9. Never give key personal information to strangers. This includes Social Security cards and numbers, passports and government-issued identification, a list of your financial institutions and your financial representatives, your account numbers for investment, bank, and credit card accounts, current account statements, any proof of financial and property records.

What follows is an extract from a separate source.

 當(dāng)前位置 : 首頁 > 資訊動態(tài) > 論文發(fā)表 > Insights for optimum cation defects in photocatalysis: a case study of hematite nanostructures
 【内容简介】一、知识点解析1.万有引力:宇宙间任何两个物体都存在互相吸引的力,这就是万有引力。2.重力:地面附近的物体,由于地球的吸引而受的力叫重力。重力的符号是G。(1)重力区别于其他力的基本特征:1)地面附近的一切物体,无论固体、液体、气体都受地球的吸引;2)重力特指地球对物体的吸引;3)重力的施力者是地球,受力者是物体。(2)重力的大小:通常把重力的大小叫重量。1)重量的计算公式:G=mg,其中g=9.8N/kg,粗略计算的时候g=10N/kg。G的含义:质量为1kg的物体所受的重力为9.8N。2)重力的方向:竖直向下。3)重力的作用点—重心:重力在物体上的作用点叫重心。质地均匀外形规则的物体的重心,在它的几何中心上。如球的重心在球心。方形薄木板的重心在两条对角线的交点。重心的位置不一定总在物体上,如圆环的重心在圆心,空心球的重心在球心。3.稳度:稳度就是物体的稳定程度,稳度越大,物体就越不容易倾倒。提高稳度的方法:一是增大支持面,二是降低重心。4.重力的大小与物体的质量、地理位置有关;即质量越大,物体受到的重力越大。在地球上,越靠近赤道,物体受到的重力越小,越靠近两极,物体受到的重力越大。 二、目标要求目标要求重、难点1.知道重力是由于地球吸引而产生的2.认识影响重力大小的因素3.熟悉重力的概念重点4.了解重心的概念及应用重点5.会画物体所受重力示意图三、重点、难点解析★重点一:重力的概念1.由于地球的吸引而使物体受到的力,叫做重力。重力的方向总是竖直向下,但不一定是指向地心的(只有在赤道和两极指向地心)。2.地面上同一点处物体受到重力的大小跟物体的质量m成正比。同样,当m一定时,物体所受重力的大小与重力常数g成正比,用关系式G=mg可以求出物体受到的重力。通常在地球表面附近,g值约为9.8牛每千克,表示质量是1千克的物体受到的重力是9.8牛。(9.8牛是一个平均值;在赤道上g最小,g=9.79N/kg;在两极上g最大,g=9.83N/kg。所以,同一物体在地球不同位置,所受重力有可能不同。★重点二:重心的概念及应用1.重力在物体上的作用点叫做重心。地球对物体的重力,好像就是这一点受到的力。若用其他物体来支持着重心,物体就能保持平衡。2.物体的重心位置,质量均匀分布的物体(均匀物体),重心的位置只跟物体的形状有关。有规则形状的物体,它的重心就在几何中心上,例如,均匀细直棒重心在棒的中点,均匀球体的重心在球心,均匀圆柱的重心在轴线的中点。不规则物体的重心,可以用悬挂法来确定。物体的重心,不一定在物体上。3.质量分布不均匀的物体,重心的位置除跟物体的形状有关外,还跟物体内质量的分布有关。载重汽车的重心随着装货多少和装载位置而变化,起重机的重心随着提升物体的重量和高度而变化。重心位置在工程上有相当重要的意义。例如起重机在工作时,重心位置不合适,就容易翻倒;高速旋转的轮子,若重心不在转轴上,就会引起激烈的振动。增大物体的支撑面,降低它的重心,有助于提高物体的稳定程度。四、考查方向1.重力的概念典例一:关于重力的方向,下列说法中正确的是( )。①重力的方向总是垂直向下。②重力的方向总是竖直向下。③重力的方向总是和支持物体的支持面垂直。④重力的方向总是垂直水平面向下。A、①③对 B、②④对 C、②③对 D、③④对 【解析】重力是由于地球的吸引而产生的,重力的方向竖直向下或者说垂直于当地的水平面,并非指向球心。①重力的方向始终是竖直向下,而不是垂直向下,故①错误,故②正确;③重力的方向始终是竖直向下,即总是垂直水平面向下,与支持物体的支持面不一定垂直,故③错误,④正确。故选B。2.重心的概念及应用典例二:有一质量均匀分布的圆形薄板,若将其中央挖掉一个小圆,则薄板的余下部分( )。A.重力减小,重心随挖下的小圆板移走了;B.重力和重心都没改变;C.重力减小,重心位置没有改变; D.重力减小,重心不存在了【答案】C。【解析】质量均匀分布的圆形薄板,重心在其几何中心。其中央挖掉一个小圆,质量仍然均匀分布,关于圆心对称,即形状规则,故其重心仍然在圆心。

10. Before investing with someone, make sure he or she is with a reputable financial firm, that he or she is licensed in your state or with the appropriate regulatory body. You can check with the Financial Industry Regulatory Authority Inc. to determine if an individual is properly registered and if there have been any complaints or disciplinary problems involving the individual or his or her firm. You can contact FINRA at www.finra.org or by phone at (800)289-9999.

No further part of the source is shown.